Kontinuitet i nätet är viktigt – Alan Stewart – Brown, VP för EMEA på Opengear berättar varför det är viktigt och hur man uppnår det.
På grund av pågående pandemi måste företag runt om i världen tillhandahålla fjärråtkomst och en högre grad av support till sina anställda, för att de ska kunna fortsätta arbeta effektivt. Detta sätter IT-personal under extra tryck. Misstag och felkonfigurationer är oundvikliga och ger en hacker möjligheten att utnyttja situationen. Samtidigt som belastningen på nätet blir högre pga. ökad trafik riskerar nätverket överbelastas i större utsträckning. Att upprätthålla företagens kommunikationsförmåga är för många företag affärskritiskt, därför är kontinuitet extra viktigt.
In English see below:
Business Continuity in Times of Crisis – Why it Matters and How to Achieve it
Due to the pandemic, many businesses around the world are having to provide remote access and IT support for all their employees to be able to work from home. This is putting IT staff under extra pressures, all the while managing their own worries and concerns about the current situation.
Mistakes and misconfigurations are inevitable and that will potentially give hackers opportunities to exploit. At the same time, with the network under growing strain from increased traffic and surges in demand, the potential for outages to occur is also increasing.
If outages do happen in such crises, businesses may find getting the network up and running even more complex. With travel restricted, sending engineers out to remote sites to address downtime issues and resolve network faults may risk compromising their health and safety and therefore will not be realistic.
For organisation operating today, keeping the business up and running is likely to be a key concern and has therefore increased the need for network resilience. When network disruptions occur, companies must be prepared and have a plan that enables quick recovery. The current crisis may have focused minds within networking teams and senior leadership to carry out risk analysis and put measures in place to reduce those risks. But what is clearly required is a new approach that goes beyond simply adding redundancy or even improving uptime to add a layer of intelligence.

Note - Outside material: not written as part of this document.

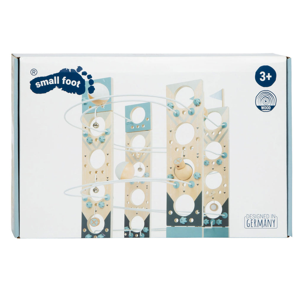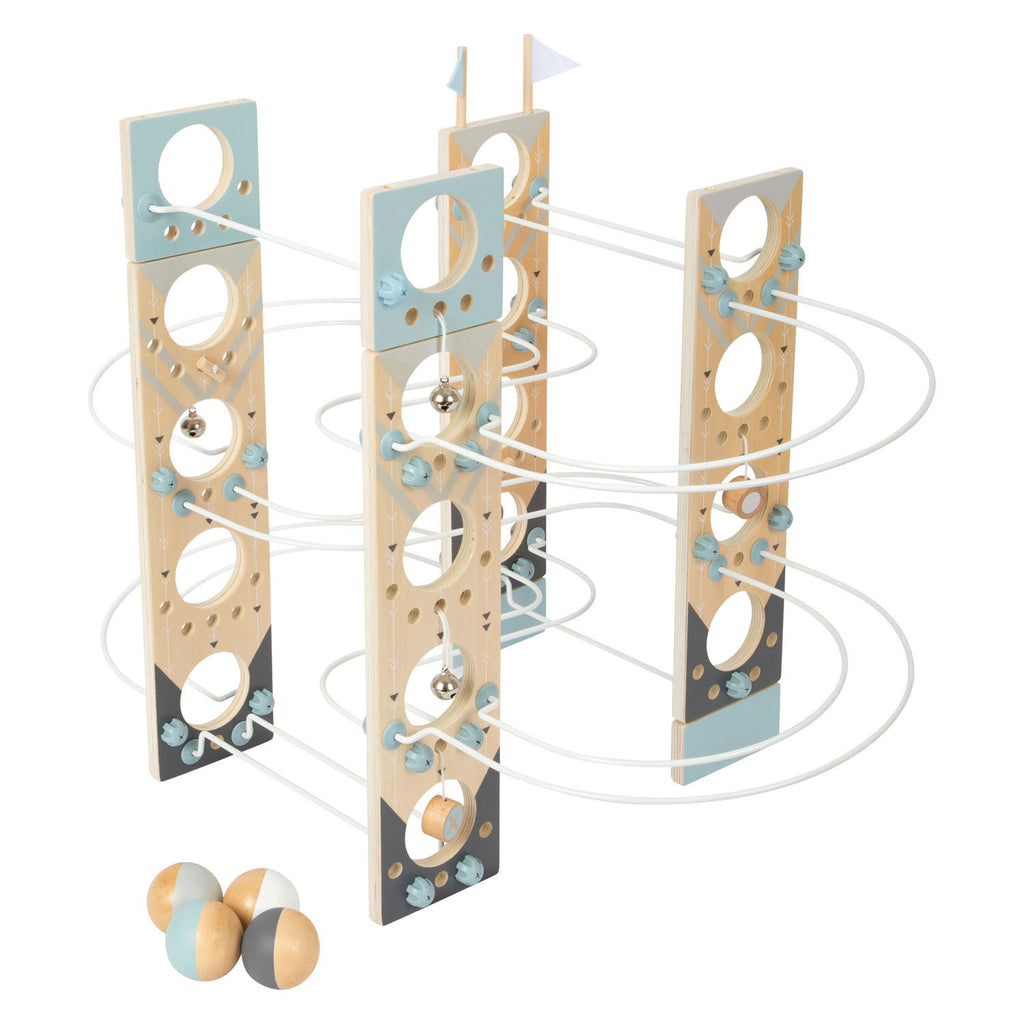 Bouwspeelgoed en knikkerbaan in één! Deze modulaire knikkerbaan in minimalistisch Scandinavisch design trekt jonge, ambitieuze bouwers aan als magie! Dankzij het flexibele systeem van verschillende metalen palen en speciale verbindingselementen biedt deze knikkerbaan volop montage- en constructiemogelijkheden. Met de vier grote ballen van massief hout, stoppers, belletjes en een finishvlag is langdurig speelplezier gegarandeerd! Wordt geleverd met instructies met montagesuggesties. Het modulaire montageprincipe maakt nieuwe, unieke tracks mogelijk en inspireert tot experimenteel en fantasierijk spel. De stoppers en belletjes helpen de ballen te vertragen tijdens hun snelle run door de bochten en de steile hellingen, terwijl de witte en blauwe vlaggen het begin en einde van de run aangeven. Door de verschillende onderdelen in elkaar te zetten, wordt op een speelse manier de fijne motoriek getraind, terwijl de bellen akoestische hoogtepunten bieden. Met zijn subtiele dessin met trendy rookblauw en veel natuurlijk, onbehandeld hout, past deze knikkerbaan prachtig in elke woonkamer of kinderkamer! En dat is bijzonder praktisch: na de speeltijd kan de knikkerbaan weer worden gedemonteerd en ruimtebesparend worden opgeborgen.

That is because for organisations that need to ensure business continuity today, network resilience is key. In ‘Resilience and survivability in communication networks: Strategies, principles, and survey of disciplines’ ComNet Journal 2010, by JP Sterbenz et al., network resilience is defined as ‘the ability of the network to provide and maintain an acceptable level of service in the face of various faults and challenges to normal operation’. One way of measuring it is how quickly the business can get up and running again at normal capacity following an outage.
True network resilience is not just about providing resilience to a single piece of equipment whether that be a router or a core switch for example; in a global economy it is important (especially given today’s circumstances) that any such solution can plug into all of the equipment at a data centre or edge site, map it and establish what is online and offline at any given time and importantly wherever in the world it is located.
That enables a system reboot to be quickly carried out remotely. That’s especially beneficial at the moment while engineers and other workers are often unable to travel to either the data centre or edge location due to lockdowns and everything has to be done from afar.
Alternative arrangements
If the remote reboot does not work it might be that an issue with a software update is the root of the problem. With the latest Smart Out-of-Band devices this can be readily addressed, because an image of the core equipment and its configuration can be retained, and the device rebuilt remotely without the need for sending somebody on site. In the event of an outage, it is therefore possible to deliver network resilience via failover to cellular, while the original fault is being remotely addressed, enabling the business to keep running even while the primary network is down.
Building in resiliency through the Out-of-Band (OOB) approach does cost money but it also pays for itself: over the long-term and often also in just a one-off instance, depending on the outage and associated costs. You might only use this resiliency a couple of times a year, say – but when you need it, you really need it.
Why prevention is better than cure
When network outages occur, the damage is cumulative so businesses need to pre-plan and ensure that they are putting in place network resilience as a preventative rather than a reactive approach. Organisations often defer discussions around network resilience based on the optimistic hope that a network outage never happens to them. In fact, network resilience should be built into the network from the outset.
Anyone that has just suffered a network outage will understand the benefits of Out-of-Band, as a way of keeping their business running in what is effectively an emergency, but as referenced above it is likely to be much better to plan for resilience from the word go. After all networks are the ‘backbone’ to almost every organisation today, and many businesses will benefit from bringing network resilience into the heart of their approach from the outset.